Monday, May 21, 2012

Aural hygiene

Are you feeling grumpy lately?  Not sleeping well?  Irritable and nervous?  Forget stress as the cause of your problems; it also isn't insomnia, problems at home, or a crazy work schedule.

No, the problem is that your aura is dirty.  (Source)

Now, you may be asking yourself: given that auras don't exist, how did mine get dirty?  And however will I get it clean again?

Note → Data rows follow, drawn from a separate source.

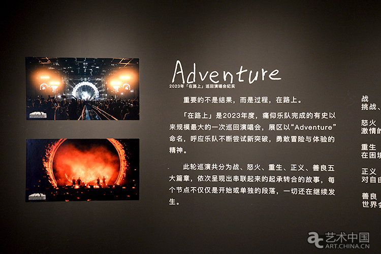 Adventure,作為展覽的開篇,以樂隊2023年“在路上”巡回演唱會為主題,展?巡演的原創舞臺設計、視覺創意、巡演攝影作品及紀錄?等,以紀念這?重要“冒險歷程”的順利收關。
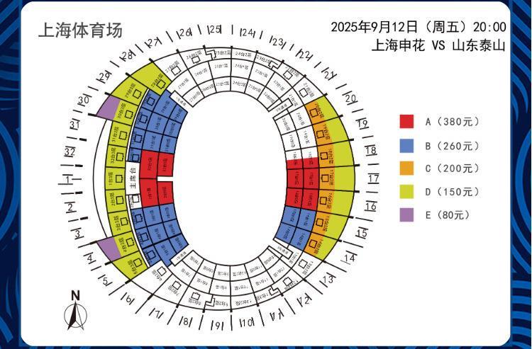 9月12日(星期五)20:00,在2025赛季中超第24轮的一场焦点对决中,上海申花将坐镇主场上海体育场,迎战同为老牌劲旅的山东泰山。9月4日,上海申花足球俱乐部早早发布了这场比赛的票务公告。
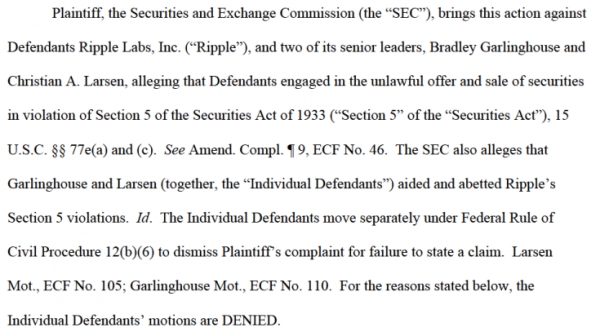 뉴욕 남부지방법원(Southern New York District Court)이 지난 3월 11일(현지시간) 미등록 증권 판매 여부를 둘러싸고 블록체인 송금업체인 리플랩스(Ripple Labs)와 미국 증권거래위원회(이하 SEC)가 제출한 양측의 모션(motion)을 모두 기각하는 판결을 내렸다.
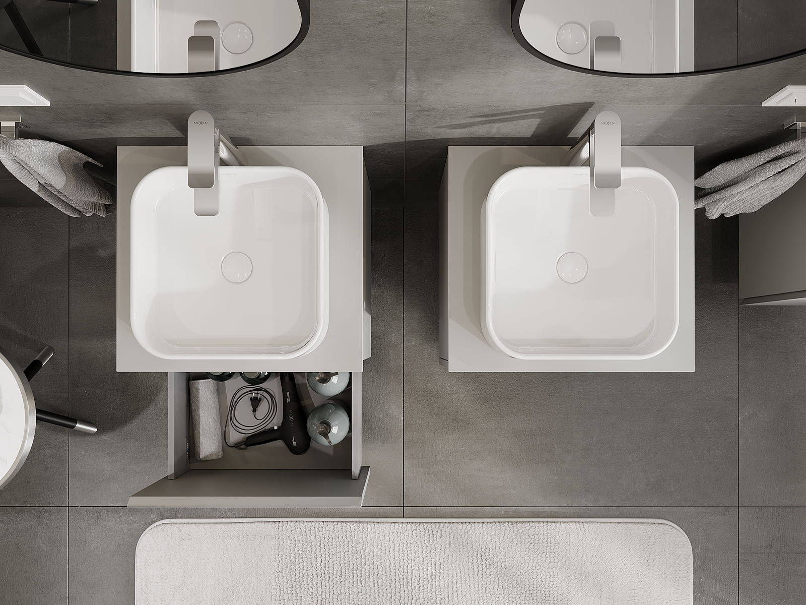 Våra modulära badrumsmöbler kan kombineras i olika färgkonfigurationer, vilket möjliggör fullständig personalisering. Du kan välja både utseende och funktioner för respektive delar, vilket gör att möblerna kan anpassas till dina egna stilistiska och funktionella preferenser.
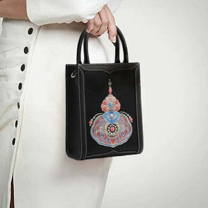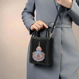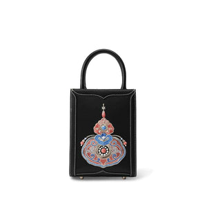 Chinoiserie Gourd Blessings Embroidered Leather Tote bag
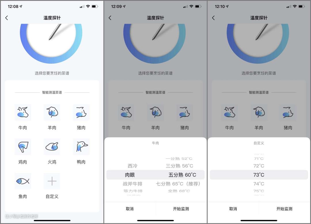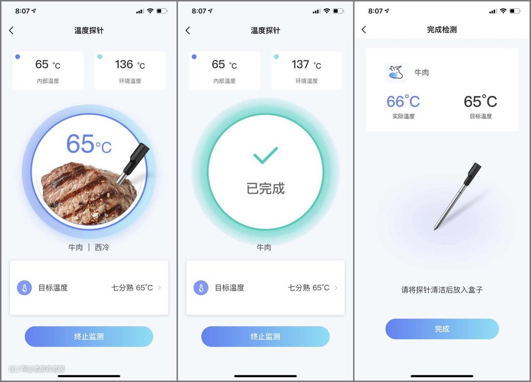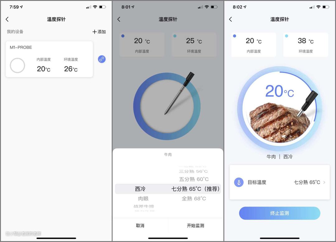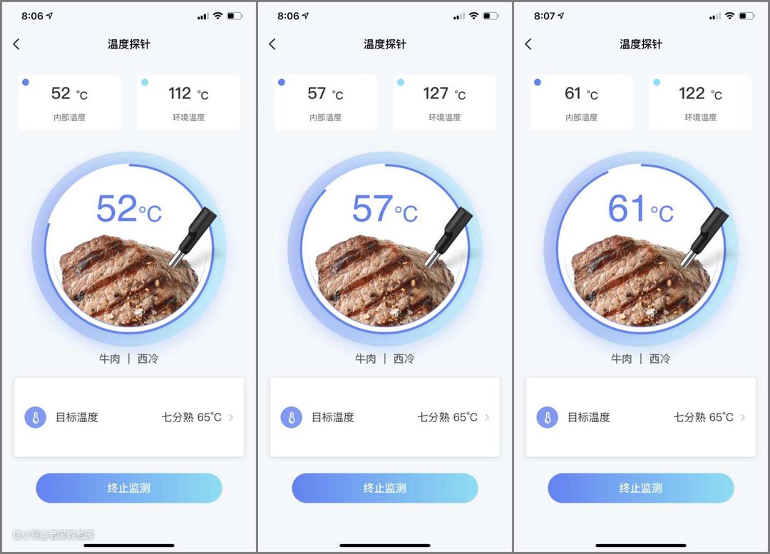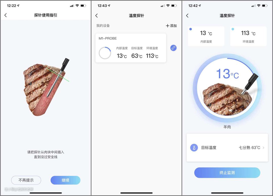 温度探针的出现就完全解决了这个问题,不用“望闻问切”,不用“掐指一算”,烤肉、煎肉之前直接插进去就行,温度到了就提醒,不需要凭经验瞎猜,还能做出最精确的肉食。
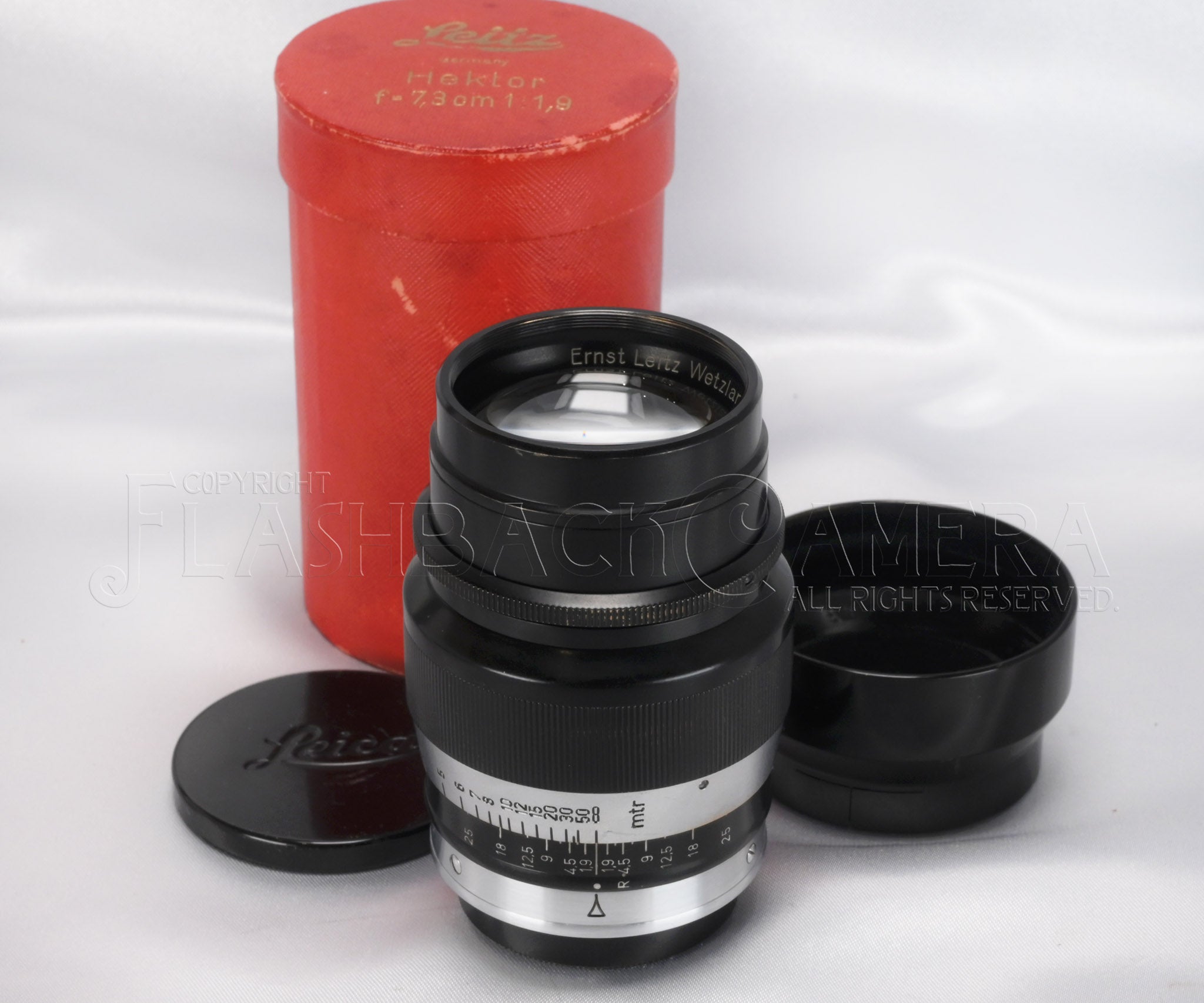 銘玉ヘクトール 73mm f1.9。木村伊兵衛など著名写真家も愛用していた、戦前のライツを代表する大口径中望遠レンズ。ライツのコード名はHEKON。本品はブラック/クローム仕上げ。製造番号は43万台、1938年の製造です。距離表記はメートル。回転ヘリコイド。本品は外観、ガラス共にとびきり綺麗な一本。
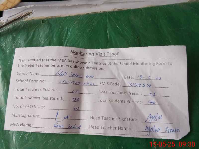 | EMIS Code: 31310542 | Name of School: GGPS BASTI JALAL DIN | |||
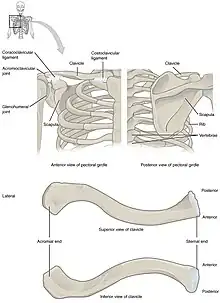 The shoulder girdle or pectoral girdle is the set of bones in the appendicular skeleton which connects to the arm on each side. In humans it consists of the clavicle and scapula; in those species with three bones in the shoulder, it consists of the clavicle, scapula, and coracoid. Some mammalian species (such as the dog and the horse) have only the scapula.
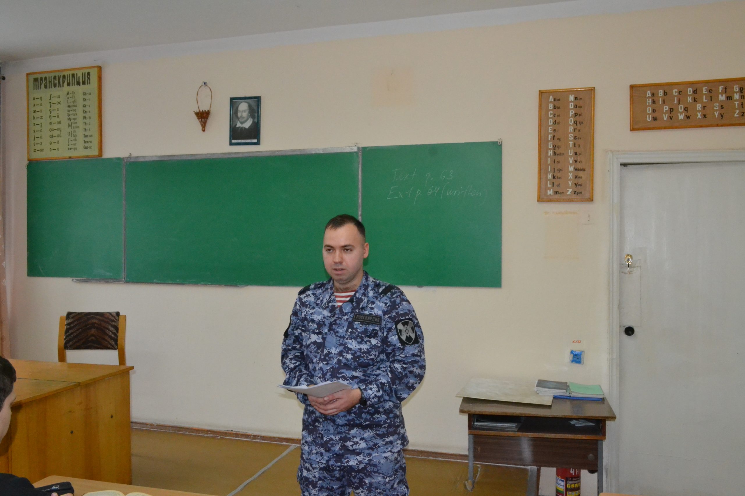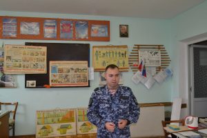 Также перед обучающимися выступил старший сержант полиции Симферопольского межрайоного отдела Вневедомственной охраны Росгвардии по Республике Крым Степанов Владимир Александрович, который рассказал о преимуществах службы в Росгвардии.
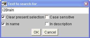 You can search for items using texts in their names and/or their descriptions. Please note that this function should NOT be used to find items which have a certain value in a certain aspect (e.g. items where "Who" is set to "John"). Use the filter function instead. Use:In a view's menu, choose "Edit | Find". The following dialog appears:
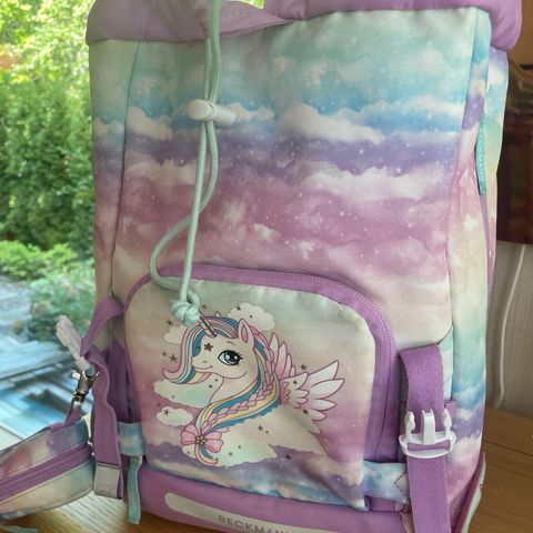 Oikeanpuoleinen reppu enemmän käytetty. Hieman käytönjälkiä, kuten esimerkiksi tahroja hihnoissa. Tähän reppuun saa etutaskusta käännettyä yksisarvisen kuvan. Repussa valo, jonka patterin saa vaihdettua. Vetoketjut toimii moitteetta. Hinta 15e.
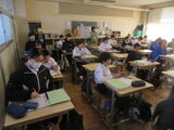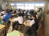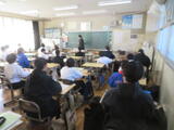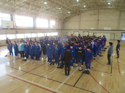 午後には、2年生が体育館で、スキー宿泊学習に向けた事前指導が行われていました。写真は合唱練習です。
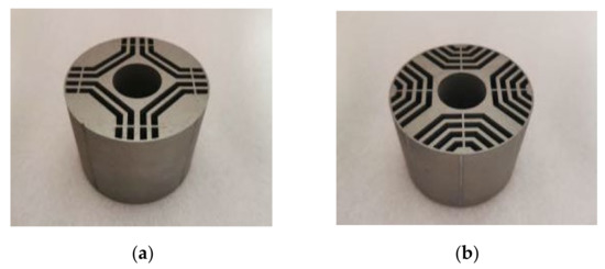 Rotors of two prototypes. (a) Rotor of PMa-BSynRM I; (b) rotor of PMa-BSynRM II.
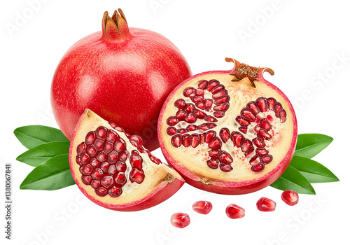 Fresh ripe pomegranate whole halved shows juicy red seeds leaves isolated white. Vibrant pomegranate fruit rich antioxidants healthy eating. Attractive pomegranate visual food blogs recipes wellness
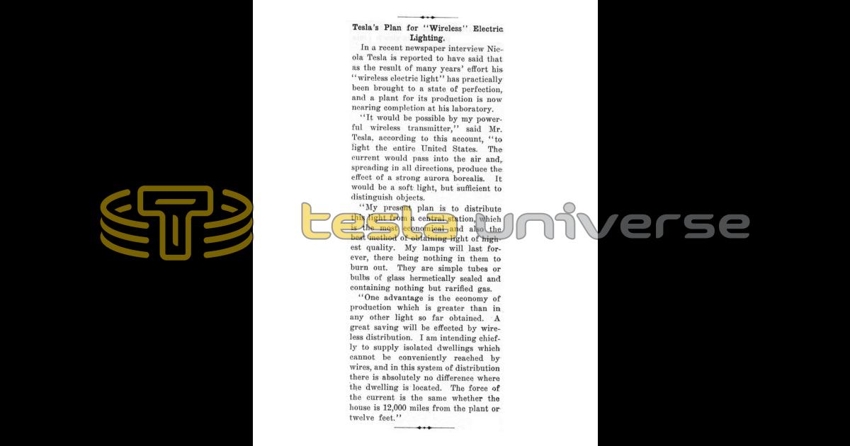 "It would be possible by my powerful wireless transmitter," said Mr. Tesla, according to this account, "to light the entire United States. The current would pass into the air and, spreading in all directions, produce the effect of a strong aurora borealis. It would be a soft light, but sufficient to distinguish objects.
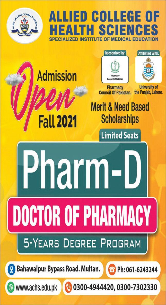 Allied College of Health Sciences Multan Pharma D Admissions 2022

Like with many things, the key to both is diligence.  According to the author of the above-linked article, there are many ways your aura can get dirty, to wit:
  • Entering a room in which an argument had just taken place.
  • Being shouted at by your boss.
  • Accidentally poking someone on the street.
  • Having someone wish that you were dead.
  • Being cursed by an old lady because you have a tattoo.
There are several things that I find funny about this list.  First, these are the only five reasons listed, and they seem like an odd collection.  I mean, we have two things that probably happen on a daily basis (being near the site of a past argument, and being bumped on the street by someone) with something that hopefully never happens (someone wishing you dead).  And second -- an old lady cursing you because you have a tattoo?   What the hell?  I have two tattoos, and thus far I have escaped being cursed by old ladies, although I did have one once say to me, "I don't know why anyone would do that to his own body."  I came within a hairsbreadth of giving her a diabolical look and saying, "Because no one else's body was handy at the time."  I resisted, which is probably a good thing, because comments like that can be rather difficult to explain to the police.

But I digress.

So, we've established that it's all too easy, even if you have no tattoos, to get schmutz on your aura.  This can result in a variety of bad things happening, including:
  • Your will could become weaker.
  • You could become less sensitive to "energies."  Whatever that means.
  • You could become a target for "astral attacks."  Whatever that means.
  • You could be a source of contagious aura-schmutz for others.
As a result, it is "mandatory" (according to the article) that we all practice regular aura-cleansing.  And we're not talking about some Windex and a few paper towels, here; we're talking full-on woo-woo stuff, like burning incense, using a candle to burn away the "negative energies," or rubbing salt all over your skin.  (And if you do go with the salt, make sure to flush it down the toilet afterwards -- we can't have salt with psychic dirt on it hanging around in the trash, where anyone could touch it and get infected themselves.)  To me, though, this last one sounds a bit uncomfortable, but the article does say that if you have a mild case of aura-schmutz, simply visualizing your aura getting clean while you're taking a shower can be enough. 

And that's the problem with all of this, isn't it? All it requires is that you have a good enough imagination, and the whole thing works like a charm.  You don't have to make any real changes in your life, or (heaven forfend) get medical attention or help from a counselor; all you have to do is click your heels together three times and say, "There's no place like home," and you're all set.